We need to vote for our values. We need to elect candidates who want to build unions, not bust them. And we know where to find them. Our path to power program is working. Pennsylvania is proof. The commonwealth has 27,000 elected officials—the second-most in the nation. Well, 4,000 of those elected officials are card-carrying union members. The labor movement is building a farm team for the future. It’s a future where our rights are protected. Our values help lift everyone up. Our brothers and sisters run for office and run our towns, our commonwealth and our country!
Having faith in the future can be tough right now. I get that. Working people have been pushed aside, knocked down and rolled over for 40 years, but we always get back up and lend a hand to the person next to us. No recession or right to work law has defeated us. The rising tide of collective action gives me hope. The droves of young people organizing and unionizing give me hope. Pennsylvania gives me hope.
This state federation is working with businesses, retooling factories and taking care of frontline workers. Look at Majestic Athletic in Easton. They have gone from making athletic jerseys and hats to making personal protective equipment and gowns.

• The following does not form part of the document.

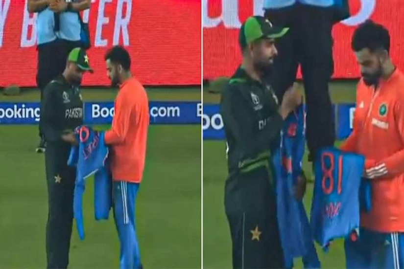 - నిన్నటి మ్యాచ్ అనంతరం స్టేడియంలో పాక్ కెప్టెన్కు జెర్సీ ఇచ్చిన కింగ్ కోహ్లీ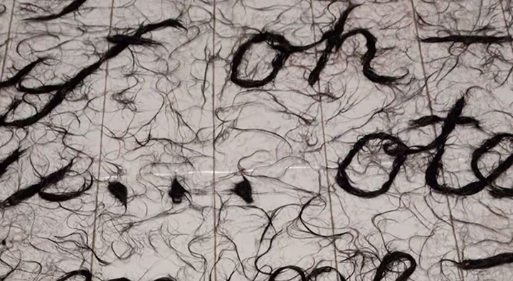 For the extensive piece, Gu collected hair from 325 barber shops and hair salons throughout 18 different countries on every continent. He covered more than 100 panels with hair woven together into beautifully scripted lettering based off of Chinese, English, Hindi, and Arabic. The stunning exhibit creates a stained glass effect throughout the room as light shines through the semi-transparent panels. Viewers will immediately attempt to read and make sense of the words, but will quickly discover that the language and lettering is fragmented and illegible.

That matters. That will save lives. That happened because of you. Donald Trump is not giving Pennsylvania the PPE that frontline workers need and deserve. He’s saying it’s a federal stockpile, not a state stockpile. Mr. President, look at this commonwealth. Look at this state federation. Look to us for guidance. Unions are donating their extra PPE to the unions that need it more. To people who are on the frontlines of this pandemic, regardless of affiliation. That is solidarity. You realize that we are our brother’s and sister’s keepers.
This incredible generosity reminds me of my childhood in Nemacolin. My mother made pork chops for dinner. We were poor. My dad worked in the mines. So pork chops…that was a big deal. Well, I brought a buddy home. My mother only had four pork chops. One for herself. One for my father. One for my sister. One for me. My mother gave her dinner to my friend. I’ll never forget that. Why? Families make shared sacrifices. Not just for members of our family but for everyone in the community. We are a family. In this time of crisis and confusion, we will care for the sick and restock food. We will power the plant and continue to teach children. We will lift the loads and lift everyone up with us. We never ignore the call, and we’ll do whatever it takes for the commonwealth and country that workers built. And that in the face of this crisis, that they will rebuild.
This is a moment for solidarity.
This is the moment we were made for.
May God give you health and strength.
And may God bless the American labor movement.